I’m not going to spend too much time on this section since I covered it in Part 1, so I will just do a quick review. This section shows us a list of errors that Google has found when crawling our websites within the last 90 days. We are able to download that list which includes server codes, URLs and the date detected, providing you with more information to diagnose and solve those issues. Recently added features include showing errors from Smartphones and Googlebot-mobile crawl errors. From here you can also see data from DNS, Server connectivity and Robots.txt.
This area under Crawl shows all Googlebot activity, on our website, for the past 90 days. There are three graphs we are presented with when we first land on this page: Pages crawled per day, Kilobytes downloaded per day and Time spent downloading a page (in milliseconds).

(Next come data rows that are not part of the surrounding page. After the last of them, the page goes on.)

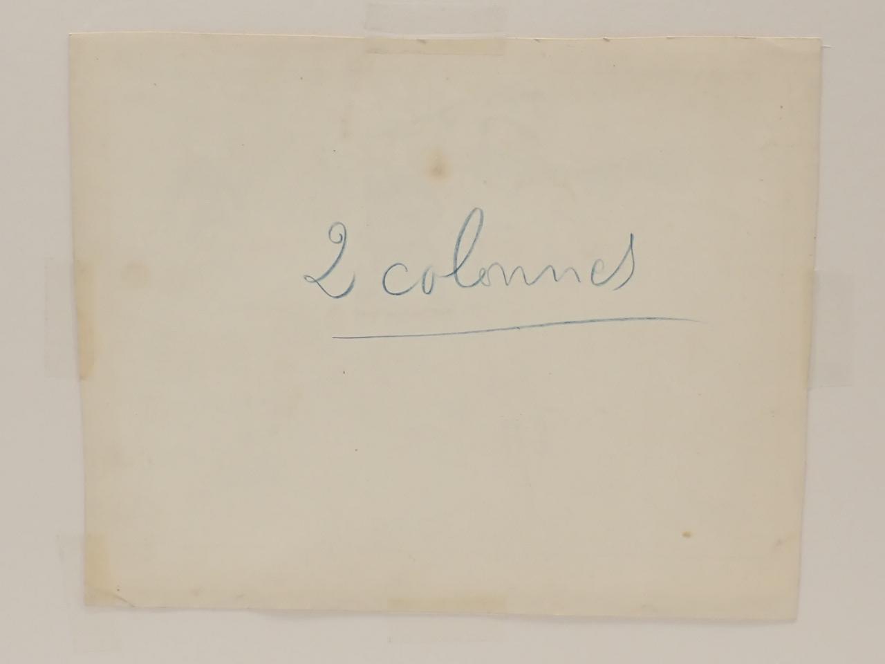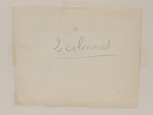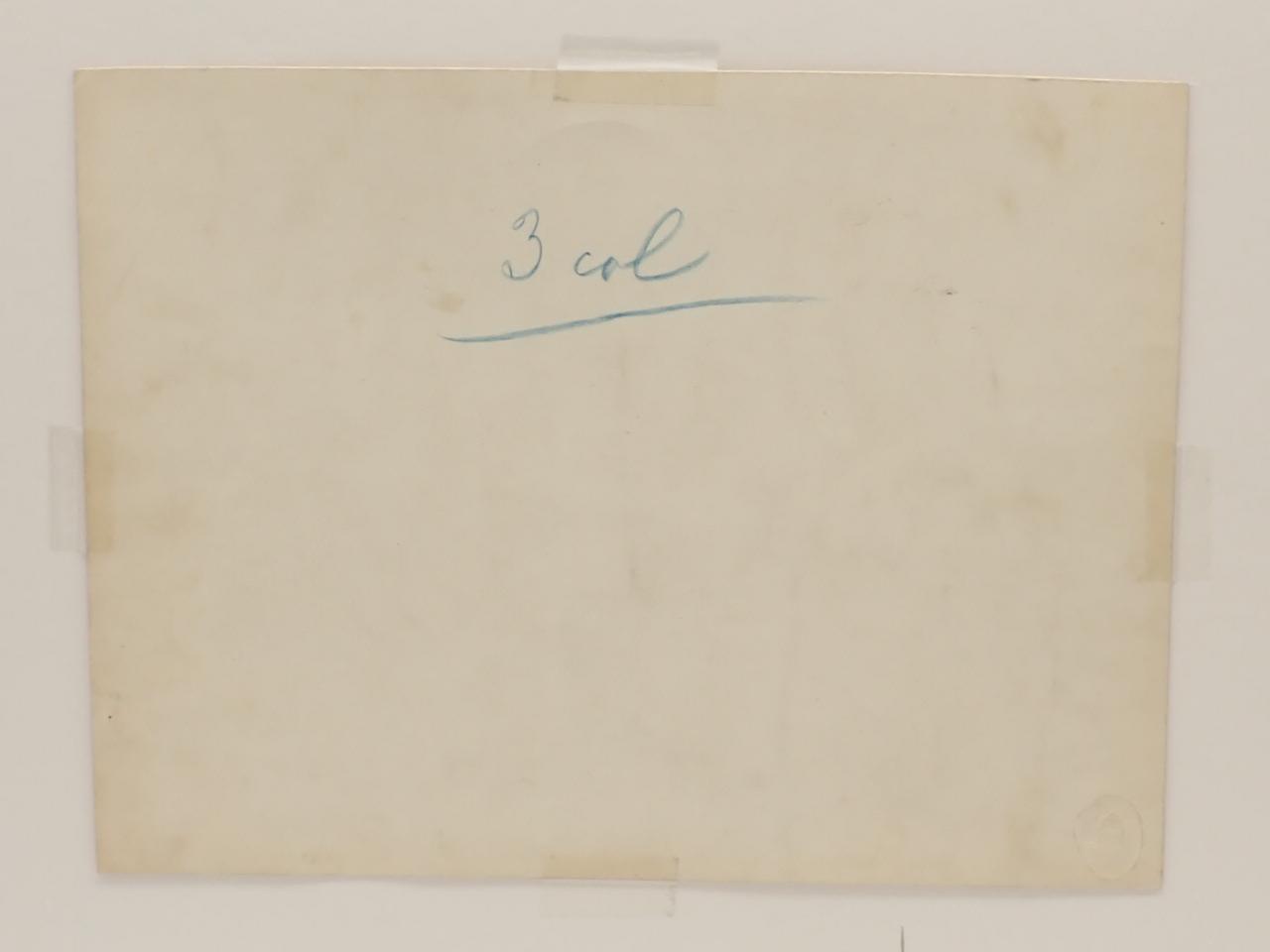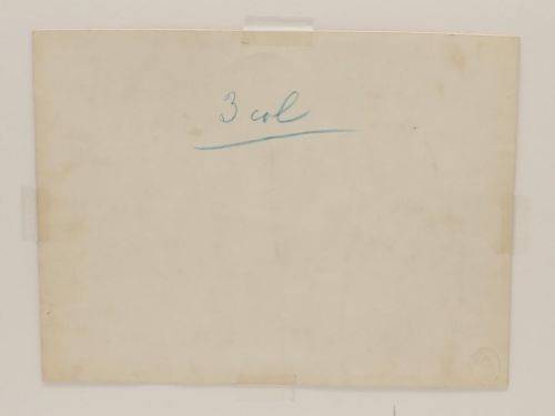 Texto de la ilustración a lápiz en margen inferior, anotaciones en trasera para su publicación.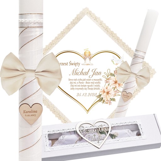 Nasza świeca do chrztu to nie tylko źródło światła, ale również piękna dekoracja. Owinięta jest w białą szyfonową wstążką oraz atłasową białą wstążką z złotą nitką, a na niej znajduje się piękna kokarda. Na świecy umieszczone jest również serduszko z imieniem dziecka oraz opcjonalnie datą chrztu.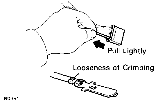 - Check crimped portions for looseness or damage and check if the terminals are secured in the lock position.

Rolling over a graph will provide us with the date it was crawled and information pertaining to that day. This could mean how many pages were crawled that day, how many kilobytes were downloaded or how much time was spend downloading a page. To the right of these charts are information highlights such as High, Average and Low. This makes it a lot easier if we need to diagnose any issues with site load time. If there are any issues with our site, Webmaster Tools allows you to Fetch as Google to see how Googlebot sees your page.
Fetch as Google
The third link down under Crawl is Fetch as Google. Here we have the ability to submit pages to Google’s index as well as see how Google’s spider sees the page.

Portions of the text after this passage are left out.